• Re: Software proofs, was Are there different programming languages that are compiled to the same intermediate language?

    From Spiros Bousbouras@spibou@gmail.com to comp.compilers on Sun Feb 5 15:14:02 2023
    From Newsgroup: comp.compilers

    On 01 Feb 2023 08:07:24 GMT
    arnold@freefriends.org (Aharon Robbins) wrote:
    I've never understood this. Isn't there a chicken and egg problem?
    How do we know that the theorem prover is correct and bug free?

    We prove it by hand ? I don't know if anyone has done this for the
    provers mentioned but it feels like a feasible task and when it's done ,
    it's done i.e. a theorem prover is not the kind of software which
    continually gets updated.

    [It's a perfectly reasonable question. Alan Perlis, who was my thesis advisor, never saw any reason to believe that a thousand line proof
    was any more likely to be bug-free than a thousand line program.
    -John]

    It depends on what we mean by "bug" , in mathematics we wouldn't say "bug"
    but "error".

    First you have *typos* which is situations where one was meaning to , for example , write i and they wrote j instead. It may be that mathematics proofs have more of those than computer programmes because in computer programmes some will be caught by the compiler like for example if j has
    not been declared. But the essential difference is that a typo is harmless in mathematics , the reader of the proof will either notice and understand what was intended or even unconsciously replace what is written with what was intended. But in computer programmes this kind of typo bug can be
    catastrophic. Hence in mathematics we wouldn't say that a proof has errors
    just because it has a typo , we would say it has a typo.

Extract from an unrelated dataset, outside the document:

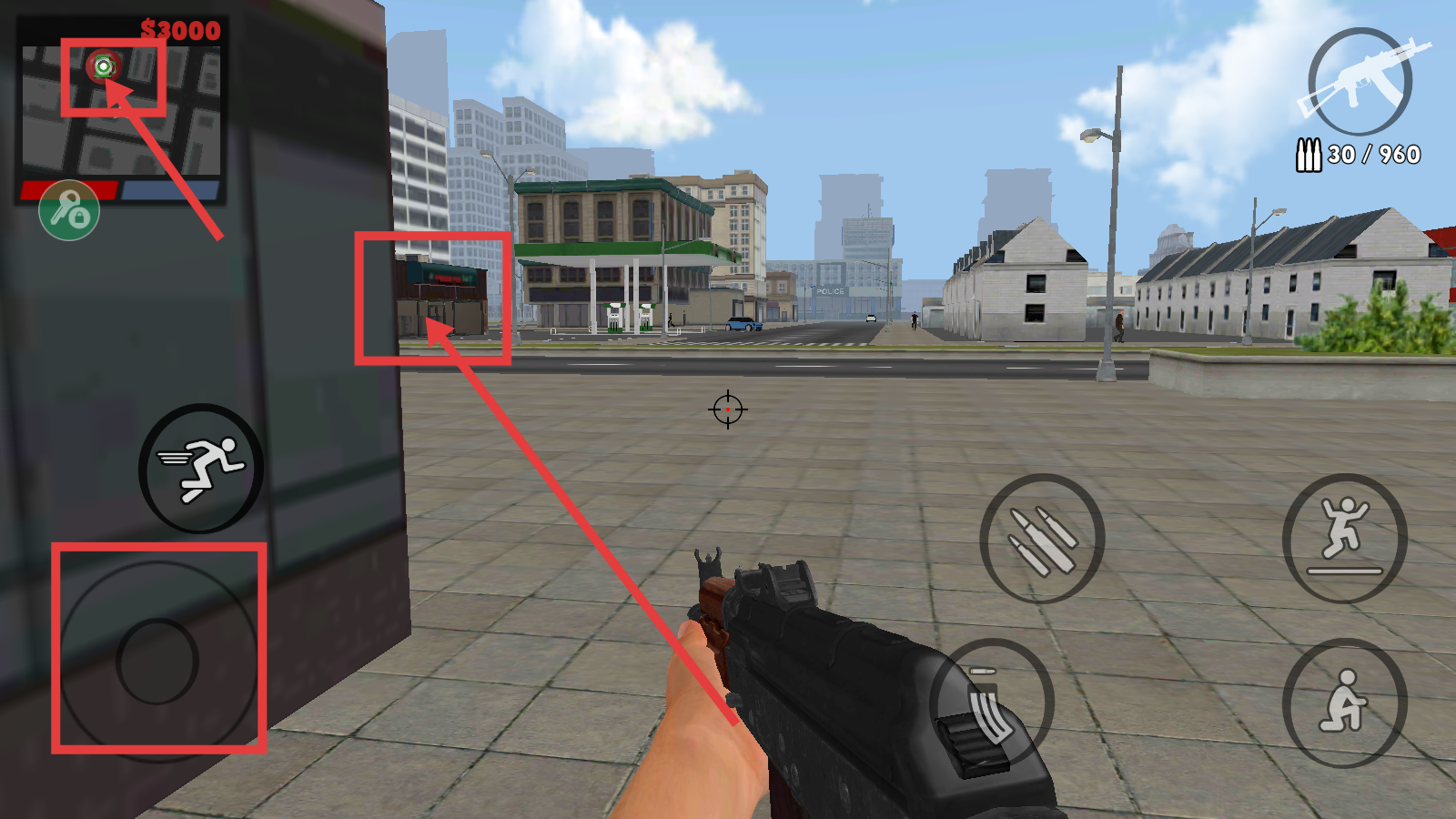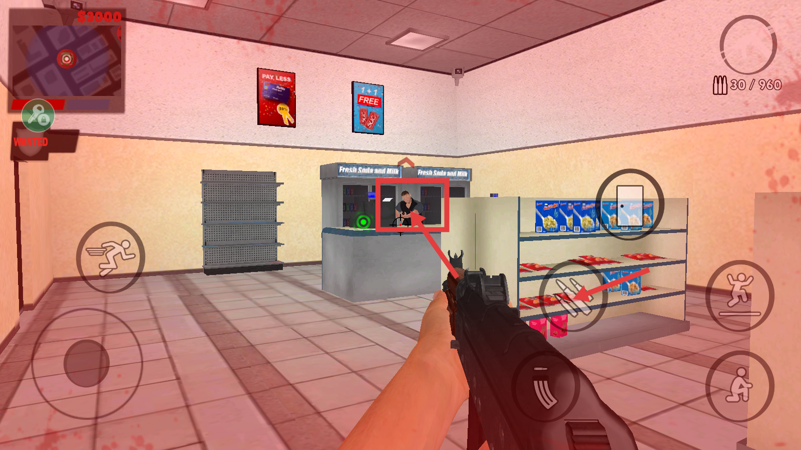 3、进入商店后,瞄准柜台目标人物,点击武器按钮发起攻击,快速推进剧情,完成当前场景任务。

    For other errors , logic errors , I would guess that computer programmes will have more errors/bugs than mathematical proofs. This assertion is based on personal experience and instinct to some extent , having written both many programmes and many proofs. But I will attempt to give some of what I think
    are reasons :

    1:
    In mathematics you work with a formalism right from the start but in computer programmes often one has an intuitive understanding of what the program is meant to achieve and a working programme may be considered to have a bug when its behaviour turns out not to match closely enough that intuitive understanding. The difference in the level of formalism is not just about
    the programmes but about the programming languages too. In standards of programming languages I've read , the language is not described in precise mathematical detail. The grammar usually is but not other parts of the language.

    For example , from the C standard :
    The result of the binary + operator is the sum of the operands.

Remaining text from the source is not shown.